Aurora tersenyum dan menunjuk dengan sebuah garpu di tangan kanannya untuk memakan kue yang ada di atas meja ke arah Fritz, "Hei, tanpa kau sadari, mereka senang dengan apa yang kau berikan kepada mereka, Fritz. Lagi pula sebagai seorang Ayah memang demikian adanya, kau cukup memberikan nasehat dan apa yang bisa kau berikan selama itu baik untuk mereka, kami yang mengasuh mereka tentunya dengan pendekatan diri kami sebagai seorang perempuan yang sudah lekat dengan yang namanya kasih sayang dan bisa membuat nyaman seorang anak." Kata Aurora yang kembali makan kue coklat di meja panjang itu.

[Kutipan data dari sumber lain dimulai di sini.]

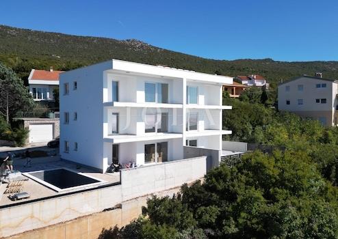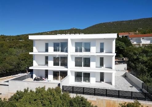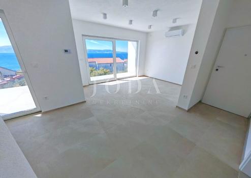 Hervorragende Aufteilung der Apartments mit zwei Schlafzimmern, Badezimmer, offenem Wohnzimmer und Küche sowie großer Loggia mit Panoramablick auf das Meer.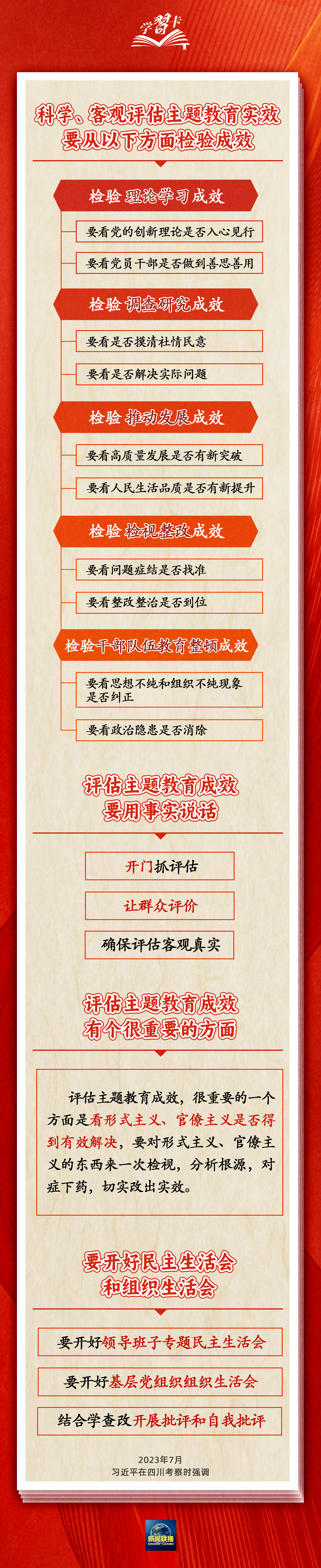 当前,全党正在深入开展学习贯彻习近平新时代中国特色社会主义思想主题教育。7月25日至27日,习近平总书记在四川考察时强调,第一批主题教育只剩下一个多月时间,各级党组织要落实党中央部署,善始善终、慎终如始,务求实效。要对主题教育的实效进行科学、客观评估。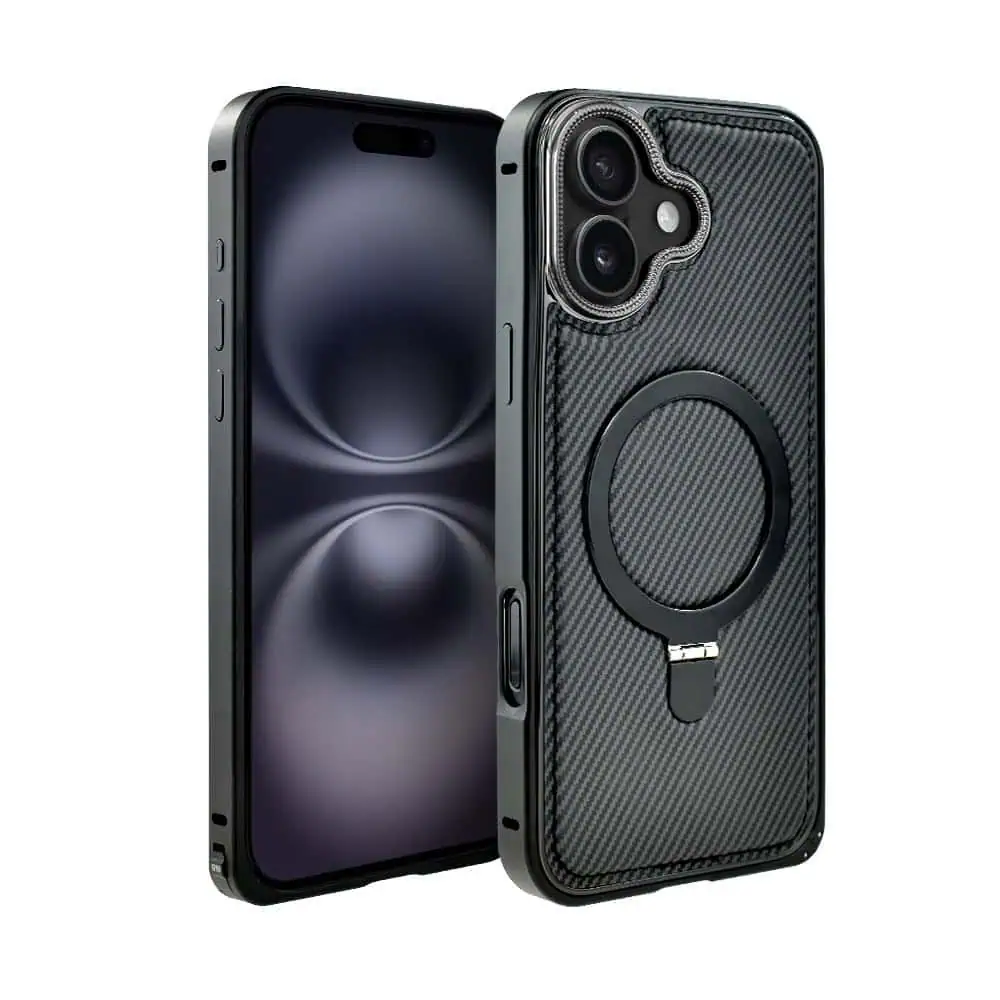 Etui do iPhone 16 Metal Solid Leather Stand z MagSafe, czarne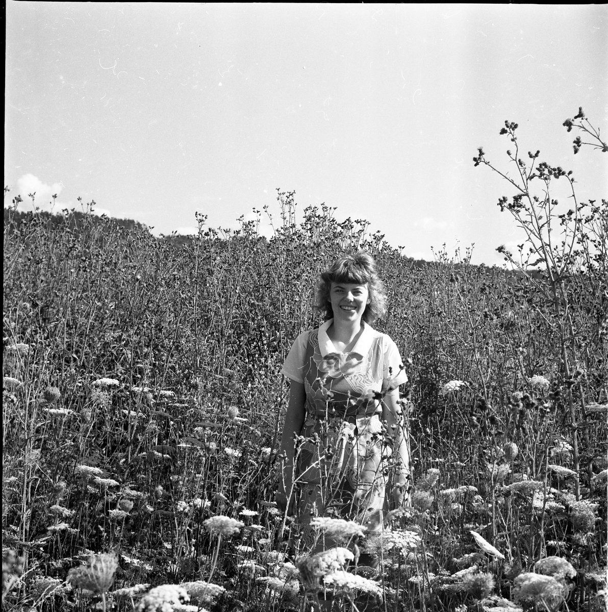 Porträtt av en ung kvinna bland höga tistlar.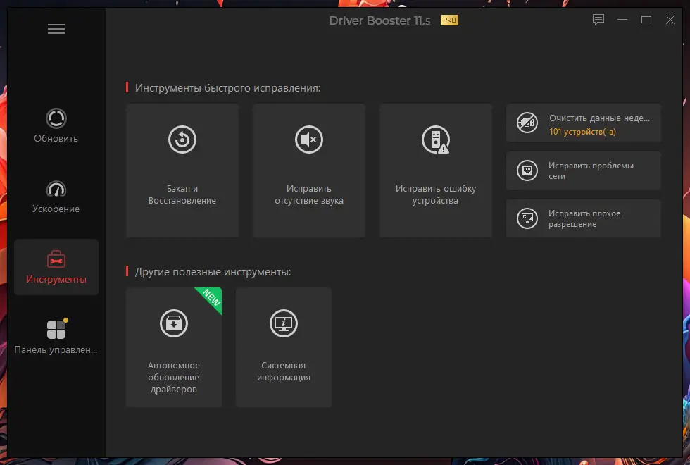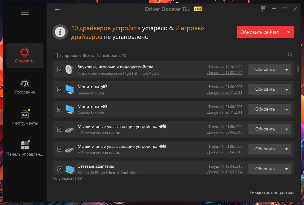 - Автоматическое сканирование системы на наличие устаревших драйверов.

"Benar yang di katakan, Aurora, Fritz. Kau itu memberikan apapun yang ingin mereka ingin kan, tetapi pada dasarnya sepertinya mereka itu memang mengambil dari sisi seorang Ibu yang telah mengandungnya selama ini." Kata Kate yang mengingat sifat Canaria yang tidak banyak meminta hal yang tidak berguna dan itu menurun kesemua anak-anaknya, dimana bahkan Naidan yang laki-laki seharusnya suka sekali dengan mainan merasa biasa saja dan tidak terlalu menginginkan sesuatu.
Apalagi mereka memang selalu di ajak bermain bersama selama ini, jadinya mereka malah lebih memilih banyak menghabiskan waktu senangnya dengan bersama-sama dan itu di dukung oleh Kate, Aurora dan Vassnorla yang membuatnya jauh lebih mengasikan.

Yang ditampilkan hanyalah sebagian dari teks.